Kinda cool, and not too expensive. Although the video quality is far from stellar its not bad considering...

Liquid Image outs Summit Series Snow Camera goggles ahead of CES -- Engadget


----------



## Milo303 (Apr 6, 2009)

That's pretty dam cool. I would settle with a so so video if the goggles themselves were good..


----------



## tomtom88 (Nov 13, 2008)

That is wicked cool, I'm totally blown away by that price.


----------



## neversummerFTW (Jan 10, 2010)

That's dope! They're really cheap too!
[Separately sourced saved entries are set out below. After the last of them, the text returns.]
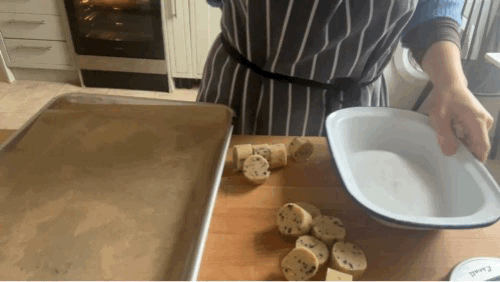 Slice, sugar, and bake: Line two half-sheet pans with parchment and heat the oven to 165C/325F fan/convection (or 175C/350F without fan/convection. Once chilled, roll the dough out to an even log, 28-mm (1 1/8-in.) diameter. (If you find it easier to handle shorter logs, divide the dough into two halves.) Put some sugar in a small bowl. Slice the logs into 19-mm (3/4-in.) cylinders. Dip the top of each cylinder into the sugar, pressing lightly so that it sticks, and arrange them on the lined pans, sugared side up.
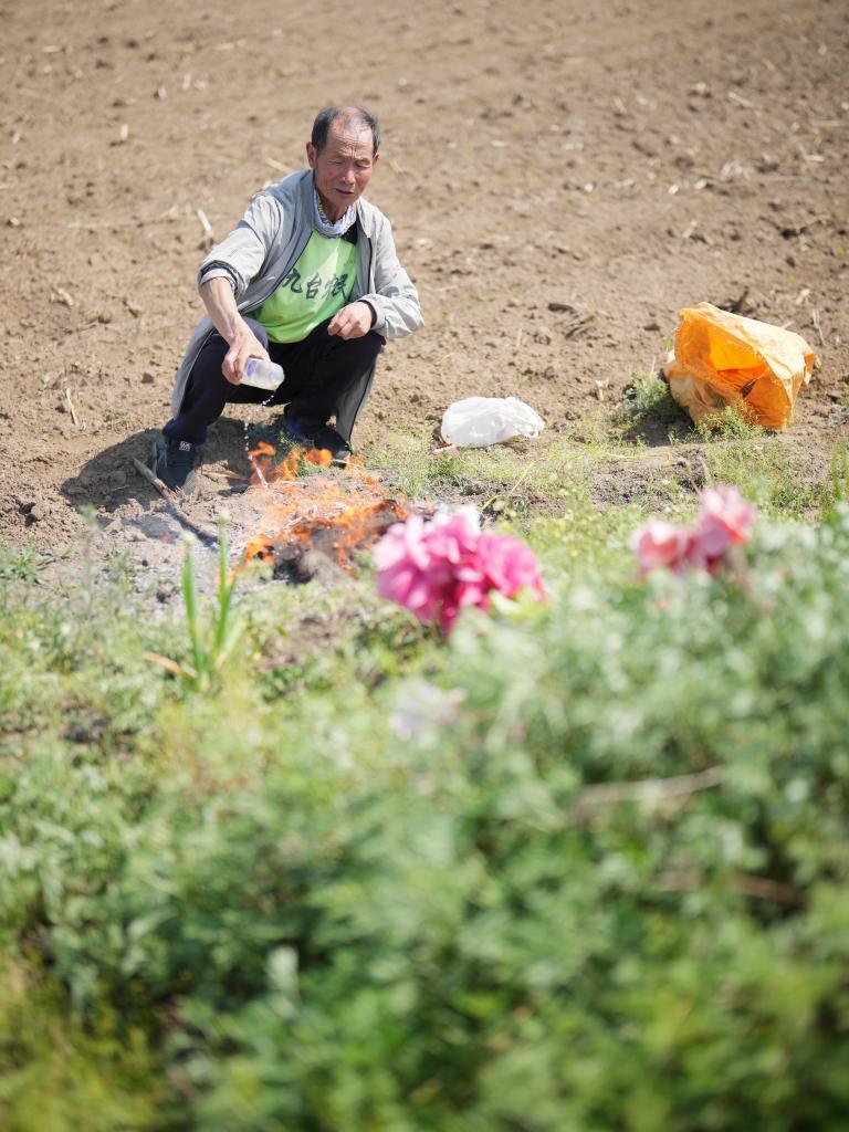 蹲在夏树云的坟前,奚占玉往火里添着黄纸钱。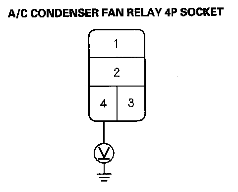 3. Measure the voltage between the A/C condenser fan relay 4P socket terminal No.1 and body ground.

I might have to check those out xP


----------



## earl_je (Oct 20, 2009)

will definitely buy me one of these! so cool.. :thumbsup:


----------



## oliveryochest (Oct 22, 2009)

Yes, they are pretty cool, but with the technology out there today, they should of put in a better camera.


----------



## Tarzanman (Dec 20, 2008)

They are limited by what will fit on a pair of goggles without being so big and/or heavy that wiping out will break the camera or break your bank account to buy it.


----------



## Guest (Jan 14, 2010)

i can expect to see a lot of awesome videos on the internet made with these


----------



## snoeboarder (Sep 19, 2008)

goggles with microsd/sdhc ... so cool ... im thinking cops will someday have have clear goggles with all your info wirelessly to the lens from the car computer, and shit we might as well add that camera in so they got your eye movements on video all while its trying to decide if your high or not


----------



## baldylox (Dec 27, 2007)

FYI, I emailed the company and started a thread for a potential group buy on these. 

http://www.snowboardingforum.com/ou...-series-digital-camera-goggle.html#post236326


----------